NSF Funding for Philosophy of Science Project

I’m delighted to announce that the National Science Foundation has funded my project Investigating the Philosophical Commitments of University Scientists across Disciplines. I am the Primary Investigator (PI) for the project and am thrilled to collaborate with Aaron McCright (Michigan State), Chad Gonnerman (Southern Indiana), Troy Hall (Oregon State), and Michael O’Rourke (Michigan State). It’s a three-year project funded at $572,712.65 between the universities (about $90K to my university). By the end of the project, I expect we’ll have one of the coolest data sets in philosophy of science with insight into the philosophical views of thousands of scientists across a wide range of disciplines.

ABSTRACT

This award supports a collaborative research project at the interface of philosophy of science and social studies of science. Researchers in philosophy of science, sociology, and anthropology will conduct an empirical study of the philosophical commitments of scientists across a broad range of scientific disciplines. It is often thought that these commitments are shared within each scientific discipline, that they differ considerably between scientific disciplines, and that these differences pose a serious challenge to engaging in effective cross-disciplinary research. This project will be the first study of philosophical commitments to be conducted with a large representative sample of scientists across many disciplines. The study has two fundamental goals: to achieve an analytical depth of understanding of how the philosophical commitments of scientists influence their scientific practices and to achieve a deeper understanding of the extent to which prior cross-disciplinary experiences of scientists shape their philosophical commitments. Beyond enhancing the efficacy of cross-disciplinary research, this project will serve to enhance public literacy of science by providing insights for revising the tools that experts in public understanding of science use to investigate how the views of non-scientists about science or scientific thinking relate to their views on social issues.

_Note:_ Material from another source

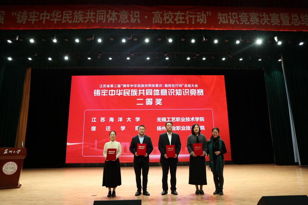 11月6日,江苏省第二届“铸牢中华民族共同体意识·高校在行动”知识竞赛决赛暨总结大会在苏州大学举行,我校代表队荣获二等奖。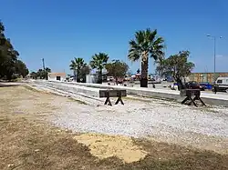 Katakolo railway station (Greek: Σιδηροδρομικός Σταθμός Κατακόλου, romanized: Sidirodromikós stathmós Katakolo) is a railway station that serves the town of Katakolo, Elis in Western Greece, Greece. Located in the centre of Katakolo, close to the harbour and ferry port, the station was opened in 1882 by the Pyrgos-Katakolo Railway Company (SPK), (now part of OSE). Today TrainOSE operates 3 scheduled daily Regional trains[3] to Olympia, via Pyrgos.[4][5] The station is unstaffed[6] however there are waiting rooms available. It was the most western active station on the OSE network.

Philosophical commitments refer to how scientists conceptualize the world and its scientific study, framing how scientists understand and conduct their research. These philosophical commitments have three dimensions: what methods are effective in acquiring knowledge (epistemology), what categories are fundamental (ontology), and what social values are important (axiology). The project will begin by interviewing approximately 50 scientists to determine their philosophical commitments and how they manifest in their scientific practice. The interviews will facilitate the development of survey instruments that are to be used on a much larger scale to measure the philosophical commitments of scientists. These instruments will then be used to survey a national sample of approximately 3,500 US scientists from a wide range of scientific disciplines. The survey data will then be analyzed to test the hypotheses that philosophical commitments align with scientific disciplines and that such philosophical commitments vary when scientists have had prior cross-disciplinary research experience. The measurement instruments to be developed in this project will be generalizable; they can subsequently be used by others to investigate philosophical dimensions of scientific practice both within and outside of STEM fields, to inform science education, and efforts to facilitate cross-disciplinary research.